◆ **Problem description**
Apart from the pictures, please restate every entry below exactly.

◆ **Supplied information**
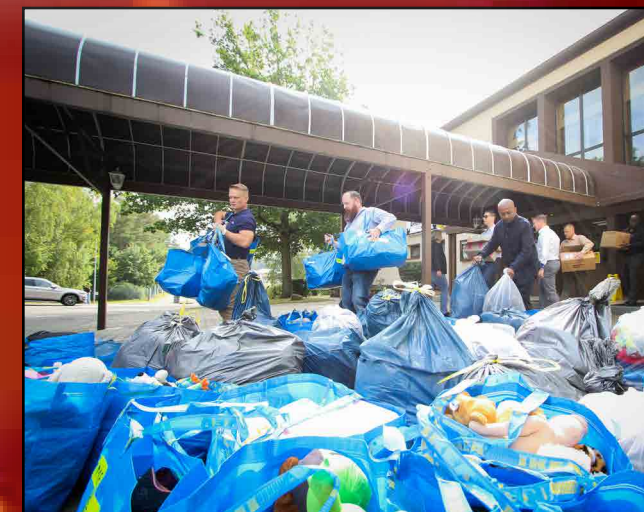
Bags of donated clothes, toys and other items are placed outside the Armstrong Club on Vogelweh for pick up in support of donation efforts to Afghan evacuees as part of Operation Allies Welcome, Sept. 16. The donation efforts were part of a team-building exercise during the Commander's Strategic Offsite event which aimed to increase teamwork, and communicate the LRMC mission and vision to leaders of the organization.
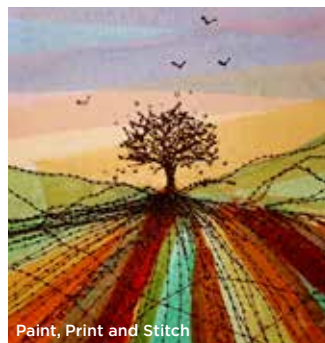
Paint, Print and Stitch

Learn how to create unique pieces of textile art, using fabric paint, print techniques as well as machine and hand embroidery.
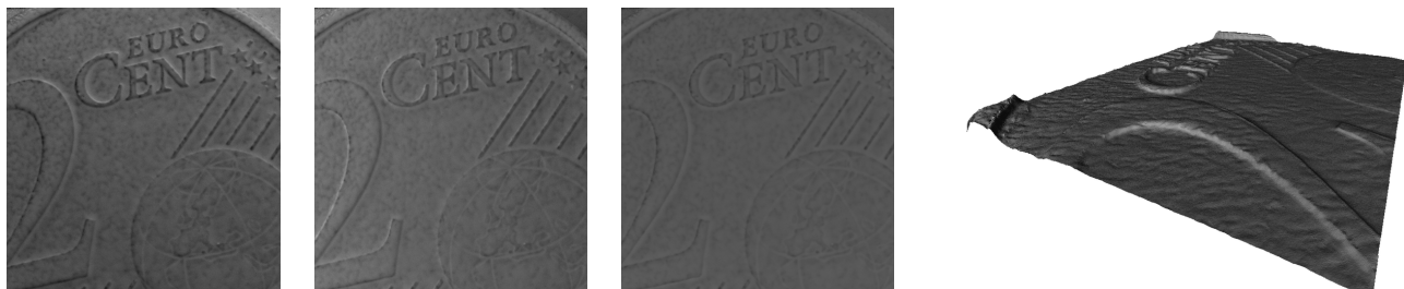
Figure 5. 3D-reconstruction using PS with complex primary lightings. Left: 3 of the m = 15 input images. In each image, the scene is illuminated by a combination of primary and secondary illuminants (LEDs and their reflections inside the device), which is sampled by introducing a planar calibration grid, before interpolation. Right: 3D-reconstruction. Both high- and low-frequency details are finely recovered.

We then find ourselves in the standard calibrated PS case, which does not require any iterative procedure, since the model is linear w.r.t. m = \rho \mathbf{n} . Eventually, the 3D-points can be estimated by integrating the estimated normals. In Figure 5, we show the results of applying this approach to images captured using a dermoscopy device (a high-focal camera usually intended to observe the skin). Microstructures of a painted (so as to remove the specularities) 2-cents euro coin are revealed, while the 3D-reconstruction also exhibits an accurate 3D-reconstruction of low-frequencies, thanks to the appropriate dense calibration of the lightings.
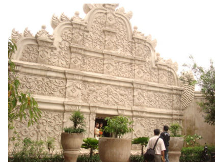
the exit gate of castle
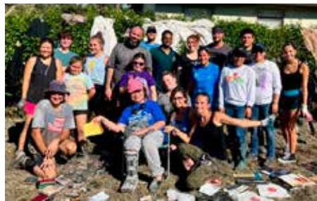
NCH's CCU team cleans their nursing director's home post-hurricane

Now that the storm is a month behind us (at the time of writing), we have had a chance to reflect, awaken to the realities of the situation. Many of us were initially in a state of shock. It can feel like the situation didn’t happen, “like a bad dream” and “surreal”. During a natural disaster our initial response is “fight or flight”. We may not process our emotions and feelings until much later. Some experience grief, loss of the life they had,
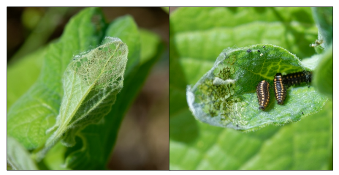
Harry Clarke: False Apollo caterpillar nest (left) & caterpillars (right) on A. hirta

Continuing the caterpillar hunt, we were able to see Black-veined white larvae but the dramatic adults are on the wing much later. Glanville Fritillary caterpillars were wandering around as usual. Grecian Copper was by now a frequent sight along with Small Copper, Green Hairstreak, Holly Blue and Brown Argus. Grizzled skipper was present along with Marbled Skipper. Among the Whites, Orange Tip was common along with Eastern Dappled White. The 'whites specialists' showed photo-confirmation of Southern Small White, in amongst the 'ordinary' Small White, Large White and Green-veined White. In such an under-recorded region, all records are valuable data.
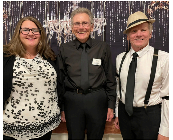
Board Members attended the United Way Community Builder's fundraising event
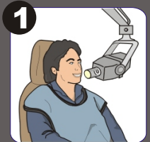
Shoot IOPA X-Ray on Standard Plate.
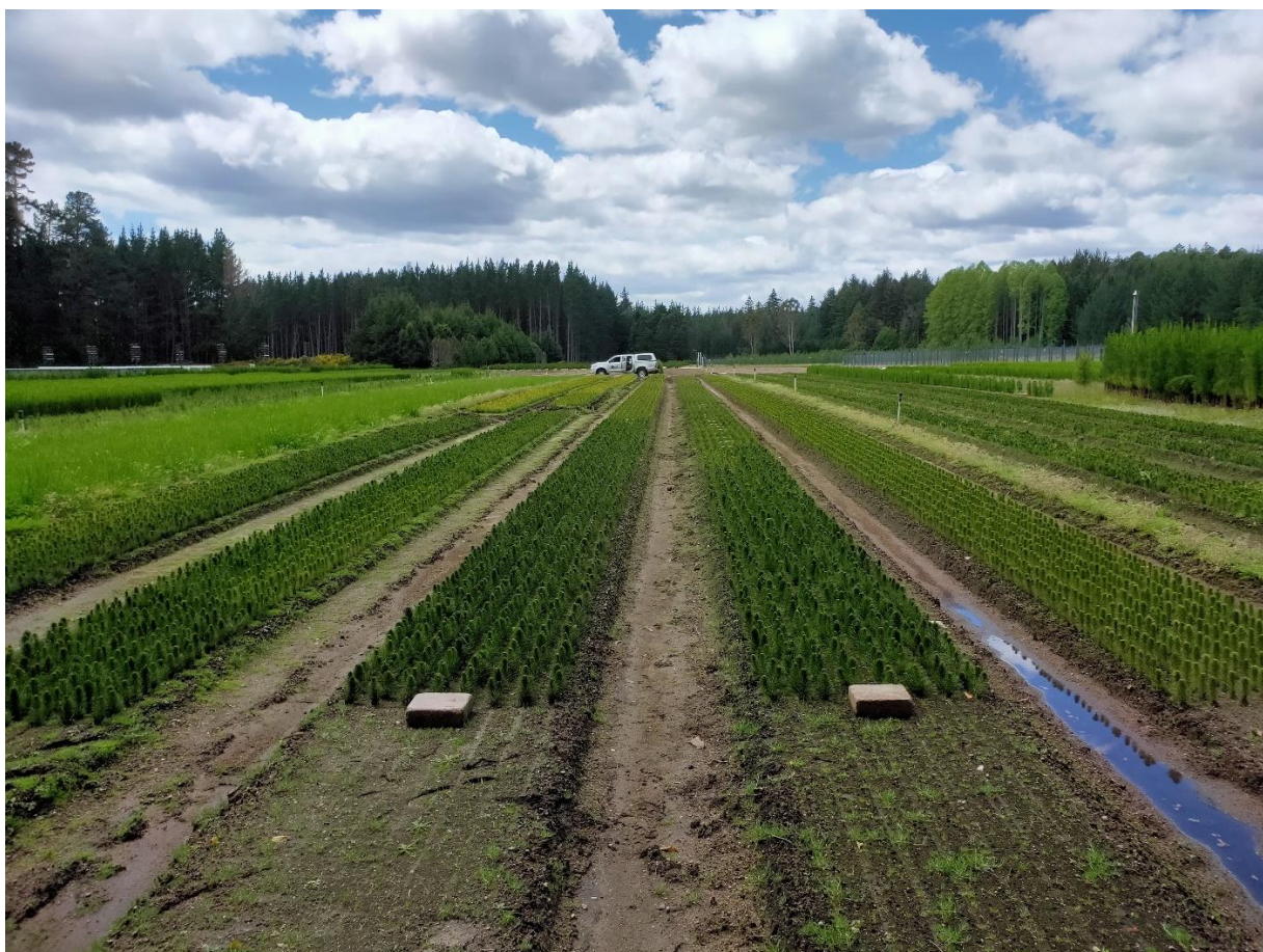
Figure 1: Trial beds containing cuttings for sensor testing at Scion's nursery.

◆ **Completed task**
Bags of donated clothes, toys and other items are placed outside the Armstrong Club on Vogelweh for pick up in support of donation efforts to Afghan evacuees as part of Operation Allies Welcome, Sept. 16. The donation efforts were part of a team-building exercise during the Commander's Strategic Offsite event which aimed to increase teamwork, and communicate the LRMC mission and vision to leaders of the organization.
Paint, Print and Stitch

Learn how to create unique pieces of textile art, using fabric paint, print techniques as well as machine and hand embroidery.
Figure 5. 3D-reconstruction using PS with complex primary lightings. Left: 3 of the m = 15 input images. In each image, the scene is illuminated by a combination of primary and secondary illuminants (LEDs and their reflections inside the device), which is sampled by introducing a planar calibration grid, before interpolation. Right: 3D-reconstruction. Both high- and low-frequency details are finely recovered.

We then find ourselves in the standard calibrated PS case, which does not require any iterative procedure, since the model is linear w.r.t. m = \rho \mathbf{n} . Eventually, the 3D-points can be estimated by integrating the estimated normals. In Figure 5, we show the results of applying this approach to images captured using a dermoscopy device (a high-focal camera usually intended to observe the skin). Microstructures of a painted (so as to remove the specularities) 2-cents euro coin are revealed, while the 3D-reconstruction also exhibits an accurate 3D-reconstruction of low-frequencies, thanks to the appropriate dense calibration of the lightings.
the exit gate of castle
NCH's CCU team cleans their nursing director's home post-hurricane

Now that the storm is a month behind us (at the time of writing), we have had a chance to reflect, awaken to the realities of the situation. Many of us were initially in a state of shock. It can feel like the situation didn’t happen, “like a bad dream” and “surreal”. During a natural disaster our initial response is “fight or flight”. We may not process our emotions and feelings until much later. Some experience grief, loss of the life they had,
Harry Clarke: False Apollo caterpillar nest (left) & caterpillars (right) on A. hirta

Continuing the caterpillar hunt, we were able to see Black-veined white larvae but the dramatic adults are on the wing much later. Glanville Fritillary caterpillars were wandering around as usual. Grecian Copper was by now a frequent sight along with Small Copper, Green Hairstreak, Holly Blue and Brown Argus. Grizzled skipper was present along with Marbled Skipper. Among the Whites, Orange Tip was common along with Eastern Dappled White. The 'whites specialists' showed photo-confirmation of Southern Small White, in amongst the 'ordinary' Small White, Large White and Green-veined White. In such an under-recorded region, all records are valuable data.
Board Members attended the United Way Community Builder's fundraising event
Shoot IOPA X-Ray on Standard Plate.
Figure 1: Trial beds containing cuttings for sensor testing at Scion's nursery.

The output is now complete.